The first tower doesn't come close, as I reported, and the small number of two-bedroom units are skewed toward middle-class households, "affordable" but far from ACORN's constituency. Did Lewis raise any criticism? No, she blamed project opponents:
http://www.bkbureau.org/agency...
A couple of more factoids to consider:
--Ratner's seeming generosity in finding an initial place for Kassoum Fofana relied on public funds; city taxpayers reimbursed Forest City $131 million for land
http://atlanticyardsreport.blo...
--another lens for viewing the artisanal mayonnaise shop: it's half a block from the southeast corner of the "blighted" Atlantic Yards site; do blight and artisanal mayonnaise (as well as cappuccino) really coexist, or does it look like state eminent domain laws allow a rather loose definition of blight?I also commented:
http://atlanticyardsreport.blo...http://atlanticyardsreport.blo...
At a June 2005 ceremony, as captured in the documentary Battle for Brooklyn, Mayor Mike Bloomberg imperiously dismissed questions about promised housing and jobs in the CBA: “I would add something else that’s even more important.

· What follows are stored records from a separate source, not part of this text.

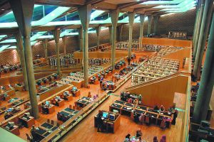 2002年,新亚历山大图书馆落成开放,这项复兴古老亚历山大图书馆的工程由联合国教科文组织倡议,主要建筑设计师是德裔美国人克雷格·戴克斯(Craig Dykers)与他的年轻同事以及挪威斯诺赫塔建筑事务所。1988年,几位无名建筑师在洛杉矶的一个阁楼上绘出蓝图,从全球竞标的一千四百件设计方案中脱颖而出。建筑设计极具现代意识,图书馆似削去顶端的半圆倾斜面向地中海,阅览大厅像梯形教室分布在七个层面上,完美体现了图书馆空间的开放理念。
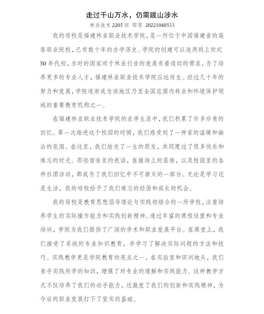征文活动的主题将紧密围绕“我们的母校、我们的回忆、我们的未来”,鼓励参与者表达对学校七十年发展历程的独特见解、对学校精神的理解、对未来发展的展望,或是回顾自己的成长与学习经历。在培养写作能力和凝聚全校师生的热情的,共同庆祝这一特殊时刻。以下是本次比赛的获奖作品。
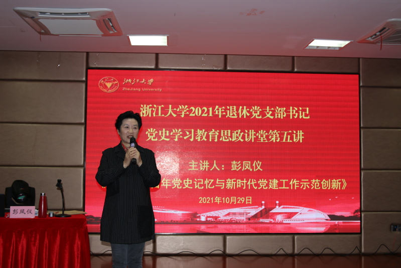 本次讲座邀请了浙江大学关工委求是宣讲团副团长、浙江省关工委红色讲师团成员彭凤仪教授作《浙江大学百年党史记忆与新时代党建工作示范创新》专题报告。校退休党支部书记代表、退休党员骨干代表、离退休工作处党支部全体党员等近百人参加报告会。报告会由离退休工作处副处长朱征主持。
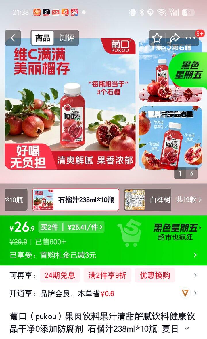 ❷石榴汁𝟐𝟑𝟖𝐦𝐥✘𝟏𝟎瓶【16.9】
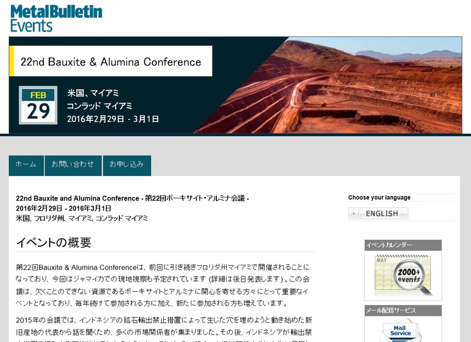国際会議 「第22回ボーキサイト・アルミナ会議」(Metal Bulletin主催)の参加お申込み受付開始

You have Bruce Ratner’s word, and that should be enough."
http://battleforbrooklyn.com/
Four years later, Bloomberg changed his tune. “I’m violently opposed to Community Benefits Agreements,” Bloomberg told The Brooklyn Paper in August 2009. “A small group of people, to feather their own nests, extort money from the developer? That’s just not good government.”
http://brooklynpaper.com/stori...
As it happens, Forest City got very good value for its investment, especially since the only organizations that can enforce the CBA are financially dependent on the developer--and that pesky Independent Compliance Monitor was never hired.